# Need Help On G-Body Air Bag setup



## MonteCarloLs (Feb 27, 2012)

So im look to do a air bag swap for my current stock suspension ON A TIGHT BUDGET

Car Specs
88 Monte Carlo LS/t-top/auto
Bone stock suspension right now
Built 350 w/ about 450hp

I wanna drop the car as much as i can with 22/24s not sure what im going to run. Looking for a fast bag setup quick for quick drop.I don't really want to notch the frame, pull the body off the car etc...nothing crazy just drop and rise back up kinda thing. 

any particular kits that i can use or is it better to piece together a kit(if so which bags, valves,controls,lines do you recommended)?
trying to do this as cheap as possible but reliable at the same time....willing spend the money were needed but try n save it were i can


----------



## baggedout81 (Jan 5, 2009)

Air lift bags are about the best bang for the buck.1/2" hydralic line w/ swivel ends.200 psi or plus.Run a EDC (do a search on ehre tons of stuff) 1/2" valves.Dont use 90 degree fittings it will slow you down a bit.

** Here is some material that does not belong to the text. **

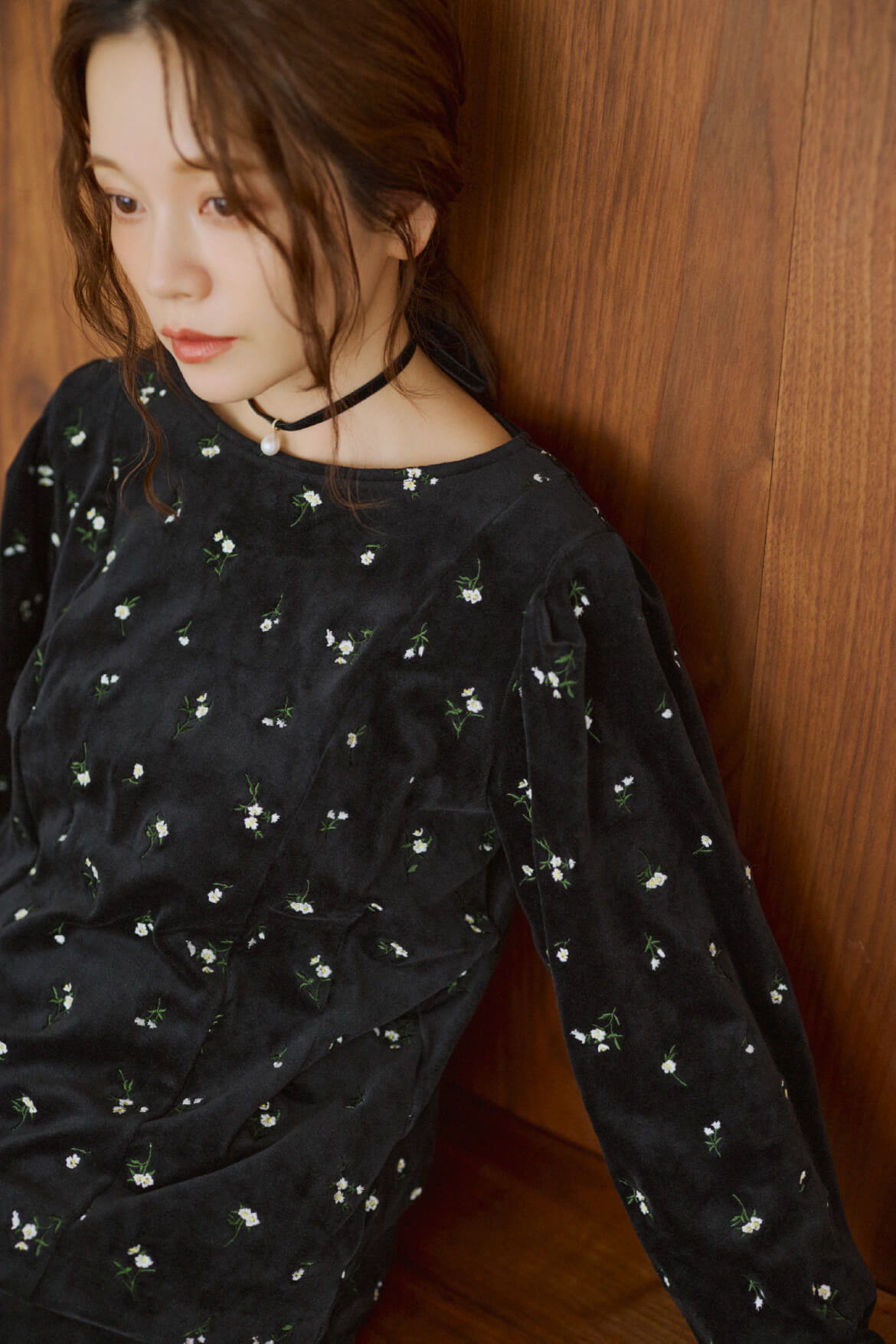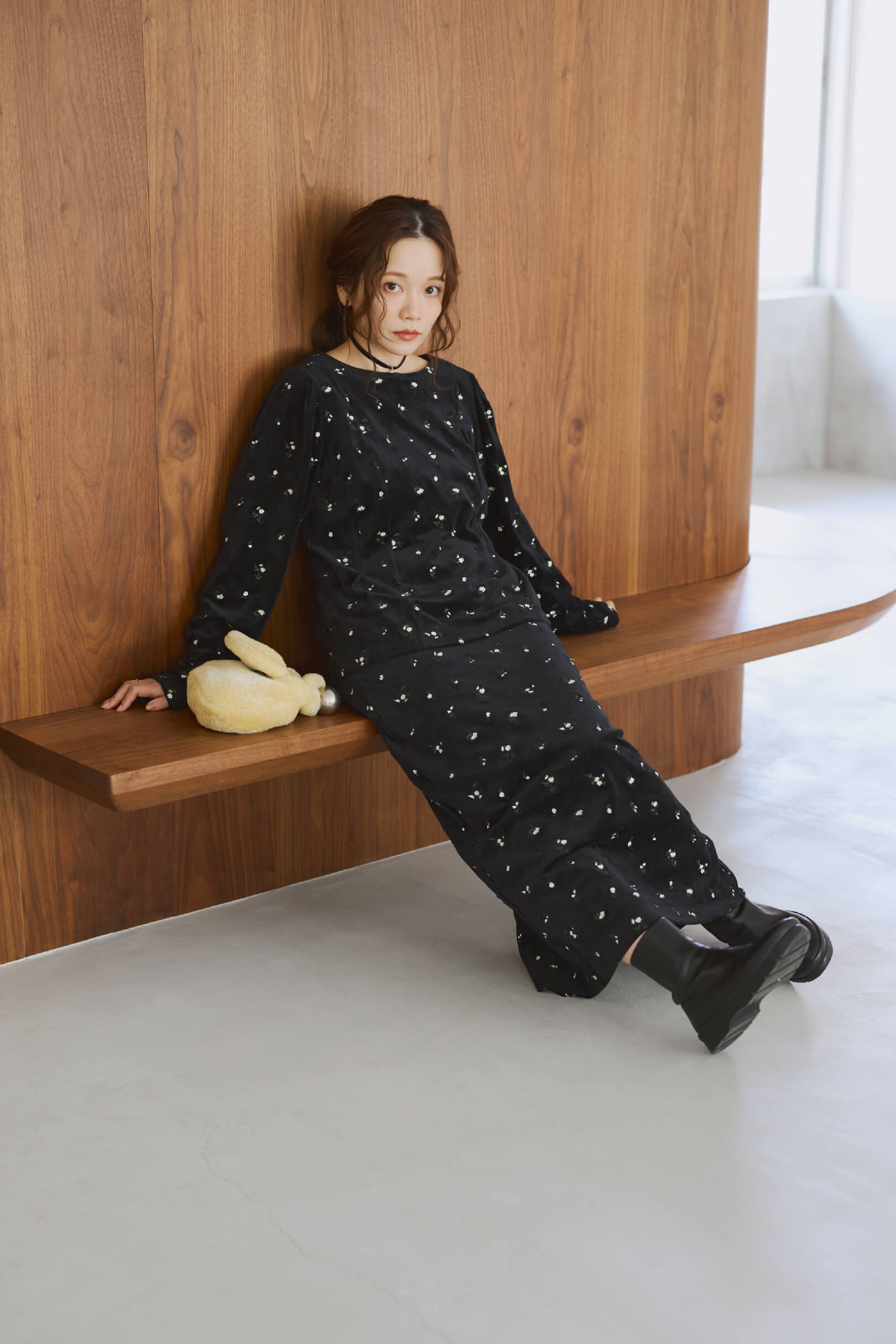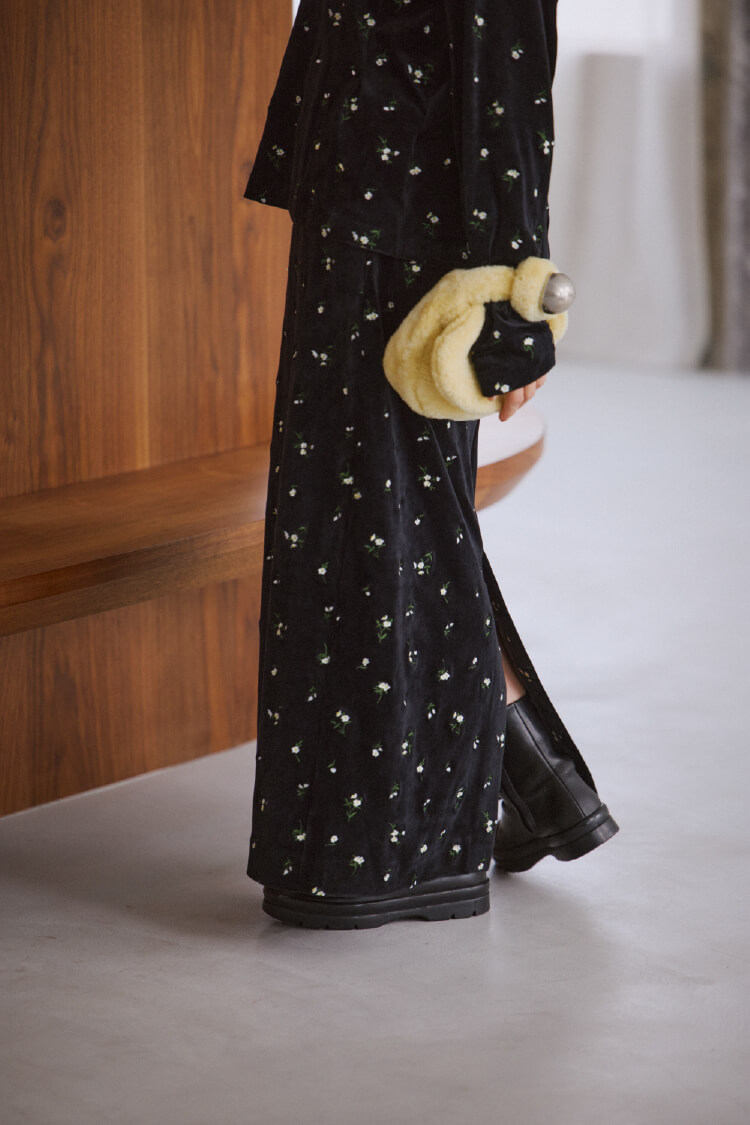 冬のお出かけにぴったりのベロアの花柄刺繍入りセットアップ。ロマンティックな生地に合わせて、上下ともにフェミニンなシルエットに。ボートネックやスカート裾のスリットなどで程よくヘルシーに。

Suicideregal did his regal on20s w/ drop spindles.Mini "c' notch in the rear while keeping the body on.I find a link if nned be


----------



## RNGRDVE (Apr 20, 2006)

How much is a tight budget? Bagging correctly isn't cheap but that depends on what you consider cheap. The faster you want it to go, the more $$$ you will spend.


----------



## 8REGAL_LIMITED4 (May 30, 2007)

I had my Old regal bagged...it was alot easier on my car than hydros would have been but it was a pain in the ass to have to air it up and wait for it to get to the proper psi


----------



## baggedout81 (Jan 5, 2009)

EDC EDC


----------



## MonteCarloLs (Feb 27, 2012)

i wanna spend about 2gs for the whole setup, i can the work the myself so that's all parts cost, i have no problem with air don't wanna go the hydro setup on my monte, might do that for a future regal that aside

edc looks like a crazy setup haha....what do you think about running just 2 regular external compressors(ones u find a lowes home depot n stuff)


----------



## RNGRDVE (Apr 20, 2006)

Edc is your best bet for quick air supply. The lowes or home depot comps could be made to work but not what you'd want to do. for 2g's you should be able to get everything you need for a nice setup. Contact the guys up at AAC they are one of the forum sponsers, I have ordered from them before and received good prices with great service. They are helpfull before and after you get your order.


----------



## baggedout81 (Jan 5, 2009)

Heres my cutlass at about 250 psi w/ 3/4" GATES hydro hose from napa to each side in the front.Off of a EDC


----------



## MonteCarloLs (Feb 27, 2012)

alright i will go the edc route then...thats video is sickk
what size tank do you guys recommend i got no spare tire and a huge system in the trunk....
so is it possible to do what i want without touching the frame?just by brackets n stuff?


----------



## baggedout81 (Jan 5, 2009)

I used to have a spare 3 gallon tank in my spare tire well.It will fit but its tight

the front your probally gonna have to cut the front a little bit.I had to cut 1/2" or so to clear firestone 2500's.You could run a taller upper bracket,but your not gonna get mutch drop

the rear.check out my signature "upper bag cups in a g0body" an the


----------